Risk-hedge and reserves diversification demand look set to persist. In our view, the most recent rally in gold has been driven by growing expectations of a Donald Trump win in the imminent US presidential race, in particular to trade tariffs, a higher US fiscal deficit, potentially slower GDP growth and higher inflation. Data from the World Gold Council shows that total demand has grown 5% year-on-year, with the quarterly total value exceeding USD 100 billion for the first time. Demand also appears to be broadening out: even as Asian central bank demand remains resilient, 3Q24 was the first quarter since 1Q22 that saw positive inflows from North American-based ETFs, as the Federal Reserve embarked on its rate-cutting cycle. With US election uncertainty on the horizon and two geopolitical hot-spots still simmering, we continue to recommend gold's hedging qualities from a portfolio perspective, with an allocation of 5% in a diversified USD-denominated portfolio. We expect the price of gold to rise to USD 2,900/oz around September 2025.

Silver to benefit from spillover demand. Historically, the price of silver has demonstrated a high correlation with the price of gold. Since July 2020, the gold-silver price ratio has been largely constrained within a 75-90 range; this is especially salient from 4Q22 as both silver and gold prices rose around 70% during that time. While gold will likely remain the main vehicle for hedging risk, silver as another precious metal is likely to benefit as well. But in addition to that, silver also benefits to a greater degree than gold from resilient economic growth and growing industrial demand, something that might be useful for positioning portfolios to take advantage of the robust global economy, while maintaining a degree of insulation against event risks in the coming months.

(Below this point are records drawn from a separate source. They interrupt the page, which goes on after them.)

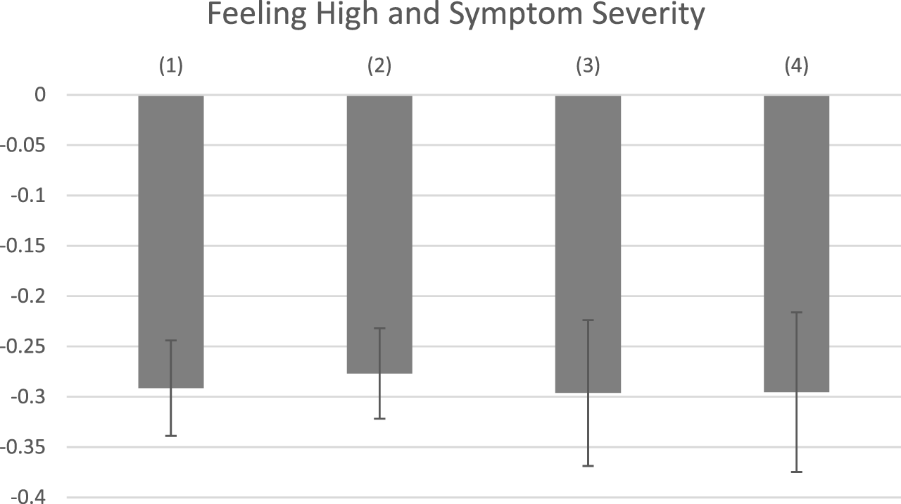 Results: Patients reported feeling high in 49% of cannabis treatment sessions. Using individual patient-level fixed effects regression models and controlling for plant phenotype, consumption mode, tetrahydrocannabinol (THC) and cannabidiol (CBD) potencies, dose, and starting symptom level, our results show that, as compared to sessions in which individuals did not report feeling high, reporting feeling high was associated with a 7.7% decrease in symptom severity from a mean reduction of −3.82 on a 0 to 10 analog scale (coefficient = −0.295, p < 0.001) with evidence of a 14.4 percentage point increase (p < 0.001) in negative side effect reporting and a 4.4 percentage point (p < 0.01) increase in positive side effect reporting. Tetrahydrocannabinol (THC) levels and dose were the strongest statistical predictors of reporting feeling high, while the use of a vaporizer was the strongest inhibitor of feeling high. In symptom-specific models, the association between feeling high and symptom relief remained for people treating pain (p < 0.001), anxiety (p < 0.001), depression (p < 0.01) and fatigue (p < 0.01), but was insignificant, though still negative, for people treating insomnia. Although gender and pre-app cannabis experience did not appear to affect the relationship between high and symptom relief, the relationship was larger in magnitude and more statistically significant among patients aged 40 or less.
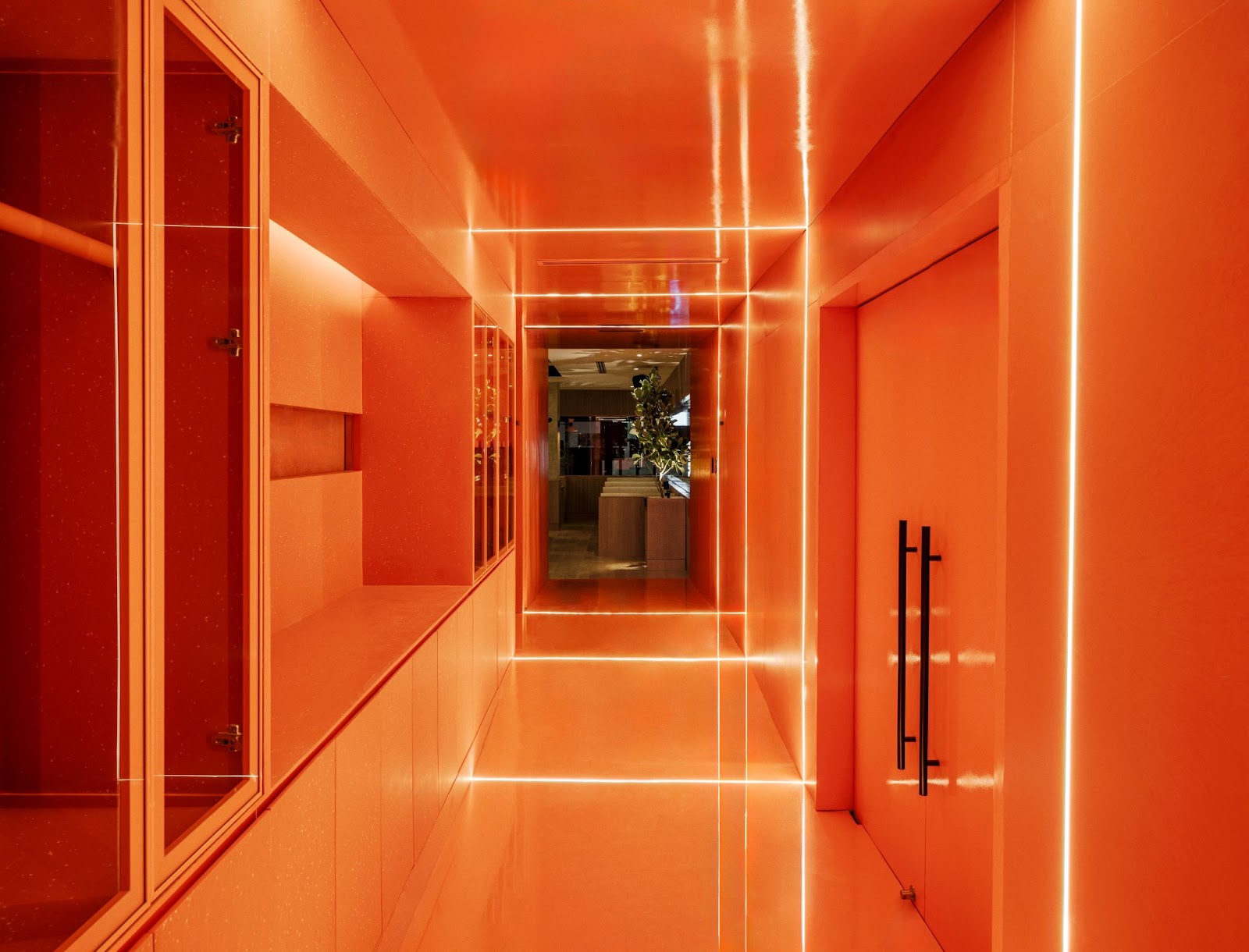 Working with Bali-based Space Available Studio, Indonesian architecture atelier Sidarta and Sandjaja, and MORE (a program that transforms waste into valuable and eco-friendly resources), Siwilai was able to construct their orange exterior from over five tons of compressed industrial waste, and cover the 500 square meters interiors in recycled plastic.
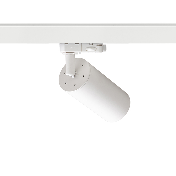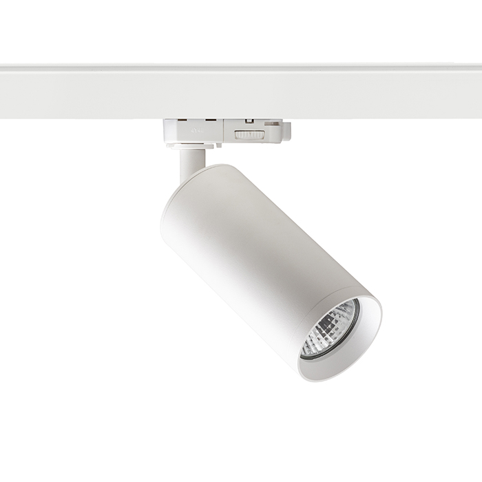 Egyszerû henger alakú reflektor GU10 foglalattal háromáramkörös sínre. A rugóval ellátott talpazat lehetõvé teszi a különbözõ hosszúságú izzók használatát.
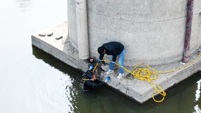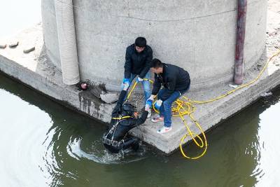 2023年3月7日,专业潜水人员在十堰市房县关门山水库潜入水下摸排供水设施闸门启闭运行稳定情况。春耕备耕大忙时节,房县水利和湖泊局组织4个工作专班分赴全县77座中小型水库,拉网式排查水库大坝、供水、排水系统设施安全隐患,针对存在的安全问题,现场整改或限期完成处理险情,保障春耕生产、农村安全饮水供水需求。目前已完成整治8座中小型水库维修养护与安全隐患整治。
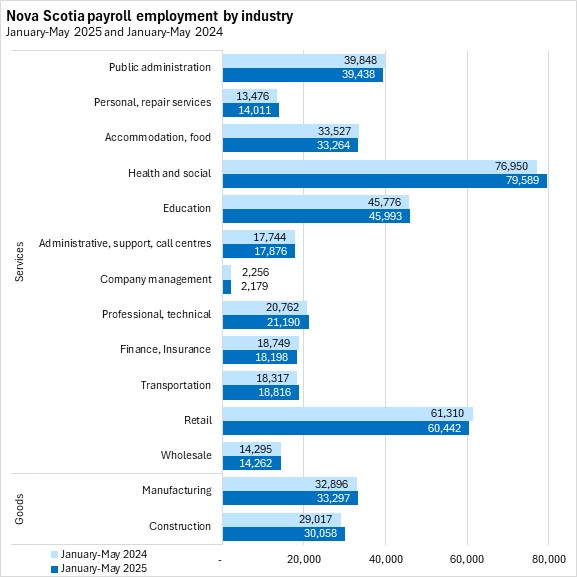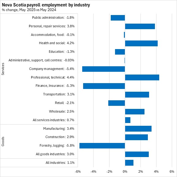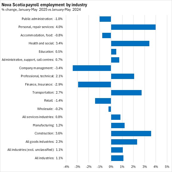 Personal/repair services, construction, and health care/social assistance reported the fastest growth in payroll employment in the first five months of 2025 in Nova Scotia. The fastest declines were reported in company management and finance/insurance.
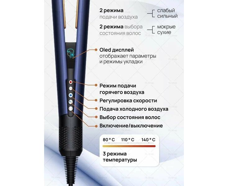 Три предустановленные температуры — 80°C, 110°C и 140°C — позволяют выбрать оптимальный режим для различных типов волос.
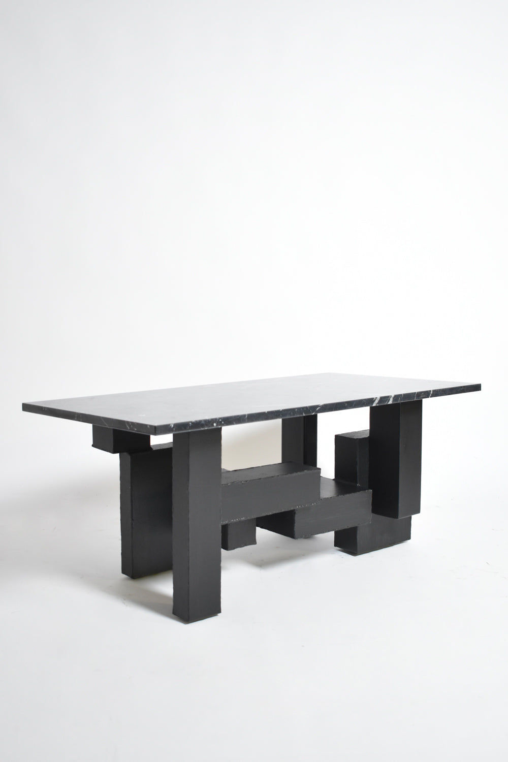 Cubist Iron and Marble Coffee Table, 1980s
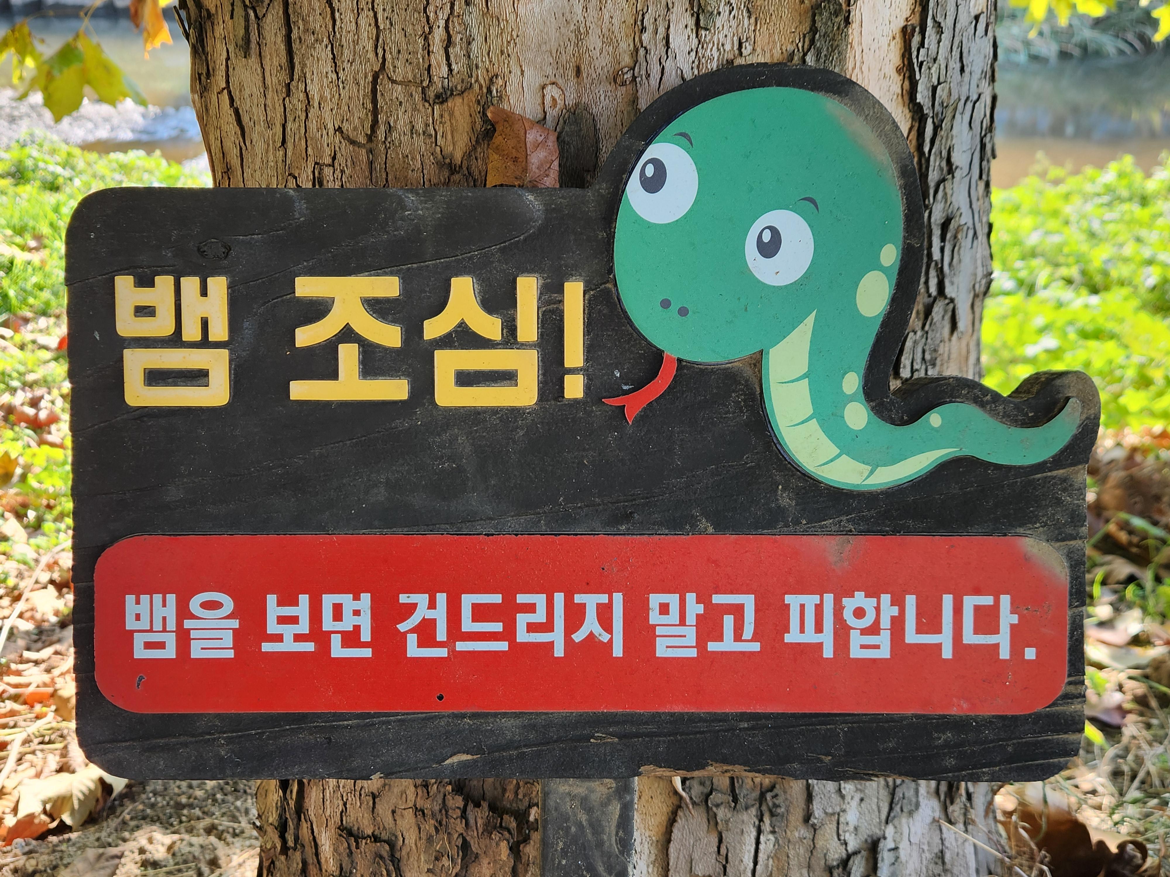 # 올 홍수에 떠내려온 "뱀조심" 팻말. 어디에 박혀 있을 아이가 나무에 기대어 섰다.
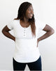 The Short Sleeve Henley has become a Buttercream favourite over the years! This perfect tee has beautiful features like functioning snaps (which makes this top breastfeeding friendly), a cuff at the bicep, a scooped bottom hem and a decorative seam up the back.

Stronger industrial demand for silver. Recent data points out of the US have pointed to a greater likelihood of a “no landing” scenario—benign GDP growth with inflation close to the Fed’s target and growth at/above trend—rather than a “soft landing”. Additionally, we expect lower rates—not least of all in China—to kickstart a modest recovery in global manufacturing, which adds to silver’s industrial demand potential. Silver is heavily used by the tech and electric vehicle sectors as well as for the production of LEDs and solar panels due to its conductivity. Silver’s anti-bacterial properties also makes it well used for medical devices. This is also likely to see additional demand for physically-backed ETFs, with holdings already rising from 684mn oz in May to around 741mn oz in October. On the supply side, mining output should remain constrained in 2025.

We thus expect prices to reach USD 36-38/oz in 2025, and advise investors to stay long the metal or use it for yield pickup opportunities. Last week’s fall in the silver price makes it a 6.2% consolidation from the late-October high of USD 34.83. Additionally, it has seen the gold-silver price ratio rise from a recent low of just under 79 to around 84. Over the next 12 months, we expect this ratio to decline to the mid-70s, which implies an outperformance versus gold. We therefore advise investors to stay long on silver and/or use it for yield pickup opportunities.